──────── AVAILABLE DATA

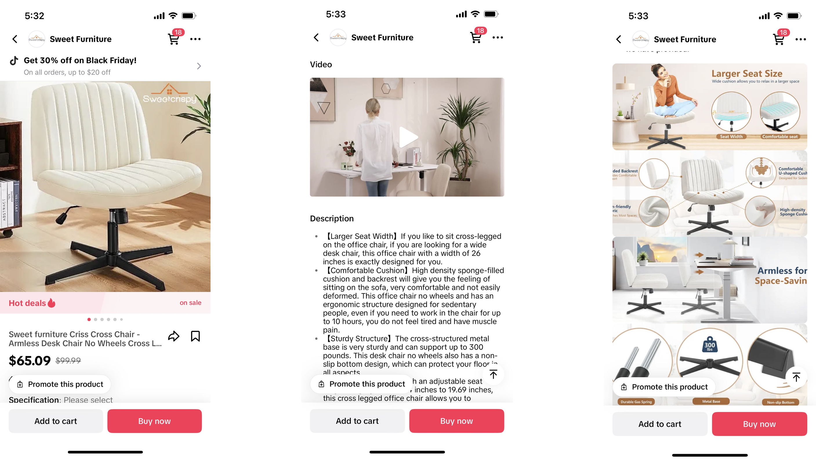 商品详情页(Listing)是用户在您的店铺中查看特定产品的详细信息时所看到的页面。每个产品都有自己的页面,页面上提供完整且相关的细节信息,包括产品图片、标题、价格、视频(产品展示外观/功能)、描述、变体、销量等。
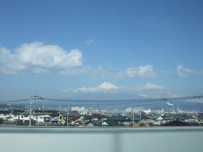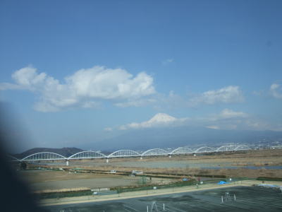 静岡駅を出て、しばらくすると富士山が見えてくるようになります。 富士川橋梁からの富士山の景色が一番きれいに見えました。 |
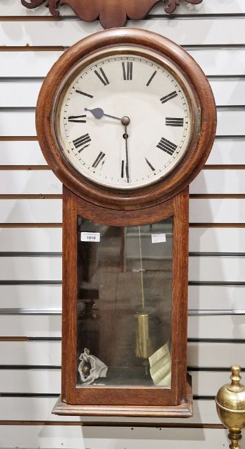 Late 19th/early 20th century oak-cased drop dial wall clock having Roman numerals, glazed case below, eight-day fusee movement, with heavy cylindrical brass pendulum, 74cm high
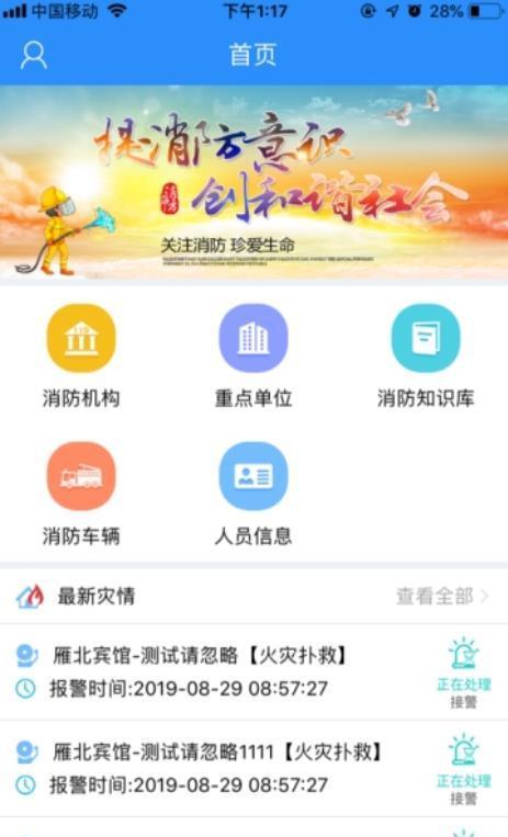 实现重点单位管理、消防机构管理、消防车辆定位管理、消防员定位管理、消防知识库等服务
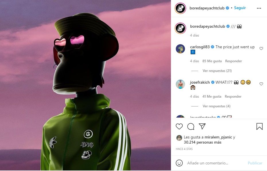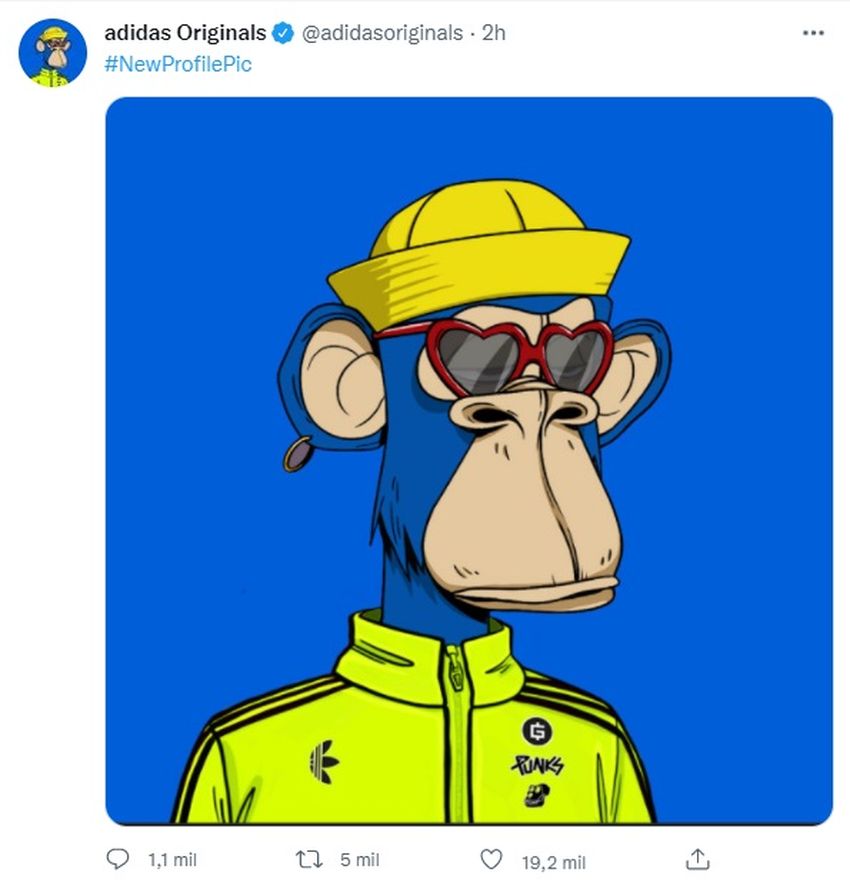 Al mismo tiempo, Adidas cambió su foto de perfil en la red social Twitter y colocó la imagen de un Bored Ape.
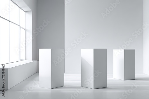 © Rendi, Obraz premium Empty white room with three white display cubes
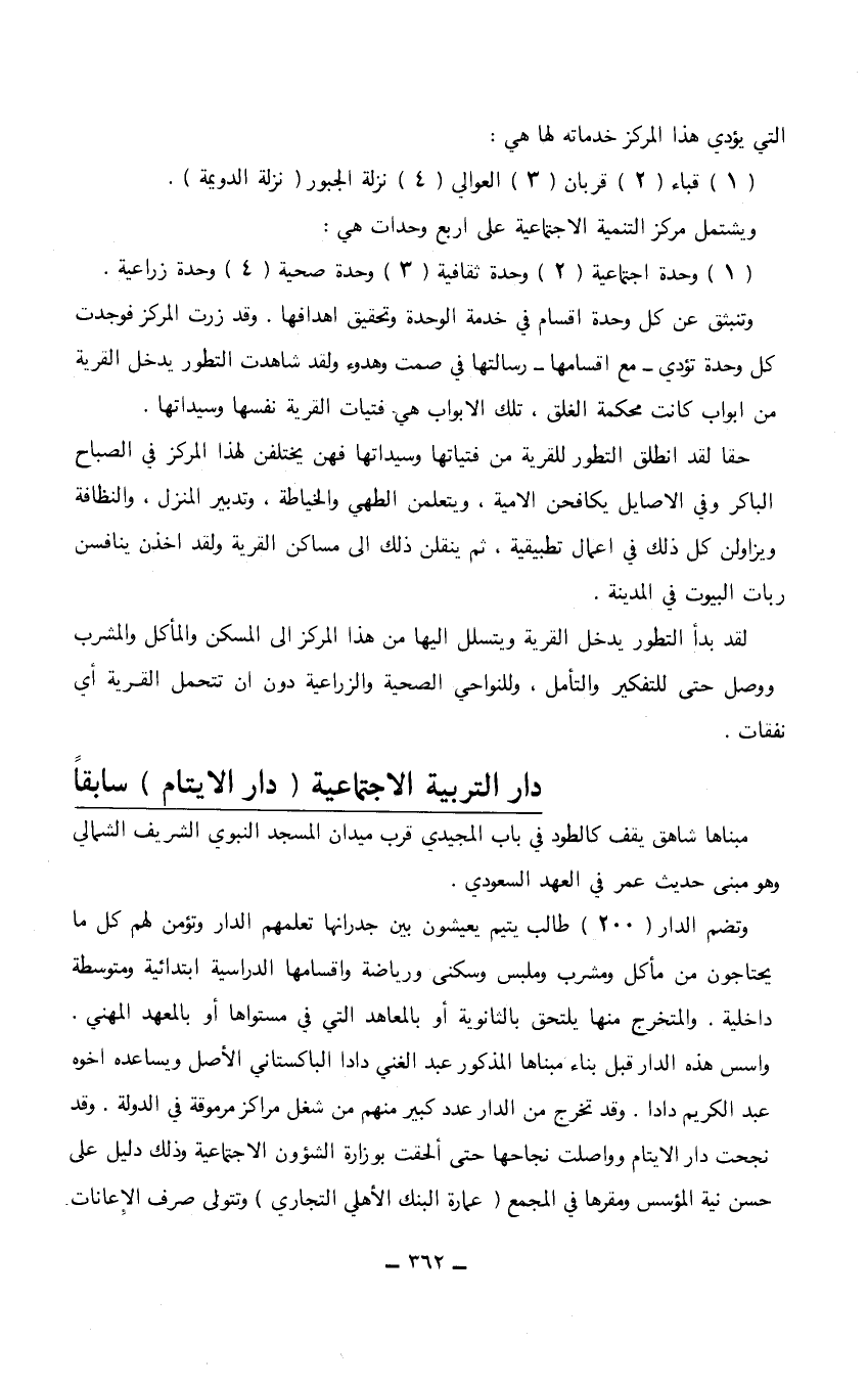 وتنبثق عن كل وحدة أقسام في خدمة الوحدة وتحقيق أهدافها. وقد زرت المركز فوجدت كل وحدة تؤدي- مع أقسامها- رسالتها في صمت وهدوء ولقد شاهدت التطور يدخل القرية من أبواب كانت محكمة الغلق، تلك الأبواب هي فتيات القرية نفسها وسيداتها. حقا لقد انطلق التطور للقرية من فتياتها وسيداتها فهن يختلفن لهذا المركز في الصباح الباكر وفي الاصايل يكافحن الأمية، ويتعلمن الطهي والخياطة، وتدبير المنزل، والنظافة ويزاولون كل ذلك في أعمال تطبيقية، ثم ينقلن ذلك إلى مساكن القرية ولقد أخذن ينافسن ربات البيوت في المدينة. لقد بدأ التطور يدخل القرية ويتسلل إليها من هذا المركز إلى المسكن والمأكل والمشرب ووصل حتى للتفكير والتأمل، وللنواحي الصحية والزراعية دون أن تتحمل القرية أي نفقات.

────────────────

● **WHAT THE EXERCISE ASKS**
Images stay out; the entries above are to be printed exactly.

● **OUTPUT OF THE TASK**
 商品详情页(Listing)是用户在您的店铺中查看特定产品的详细信息时所看到的页面。每个产品都有自己的页面,页面上提供完整且相关的细节信息,包括产品图片、标题、价格、视频(产品展示外观/功能)、描述、变体、销量等。
 静岡駅を出て、しばらくすると富士山が見えてくるようになります。 富士川橋梁からの富士山の景色が一番きれいに見えました。 |
 Late 19th/early 20th century oak-cased drop dial wall clock having Roman numerals, glazed case below, eight-day fusee movement, with heavy cylindrical brass pendulum, 74cm high
 实现重点单位管理、消防机构管理、消防车辆定位管理、消防员定位管理、消防知识库等服务
 Al mismo tiempo, Adidas cambió su foto de perfil en la red social Twitter y colocó la imagen de un Bored Ape.
 © Rendi, Obraz premium Empty white room with three white display cubes
 وتنبثق عن كل وحدة أقسام في خدمة الوحدة وتحقيق أهدافها. وقد زرت المركز فوجدت كل وحدة تؤدي- مع أقسامها- رسالتها في صمت وهدوء ولقد شاهدت التطور يدخل القرية من أبواب كانت محكمة الغلق، تلك الأبواب هي فتيات القرية نفسها وسيداتها. حقا لقد انطلق التطور للقرية من فتياتها وسيداتها فهن يختلفن لهذا المركز في الصباح الباكر وفي الاصايل يكافحن الأمية، ويتعلمن الطهي والخياطة، وتدبير المنزل، والنظافة ويزاولون كل ذلك في أعمال تطبيقية، ثم ينقلن ذلك إلى مساكن القرية ولقد أخذن ينافسن ربات البيوت في المدينة. لقد بدأ التطور يدخل القرية ويتسلل إليها من هذا المركز إلى المسكن والمأكل والمشرب ووصل حتى للتفكير والتأمل، وللنواحي الصحية والزراعية دون أن تتحمل القرية أي نفقات.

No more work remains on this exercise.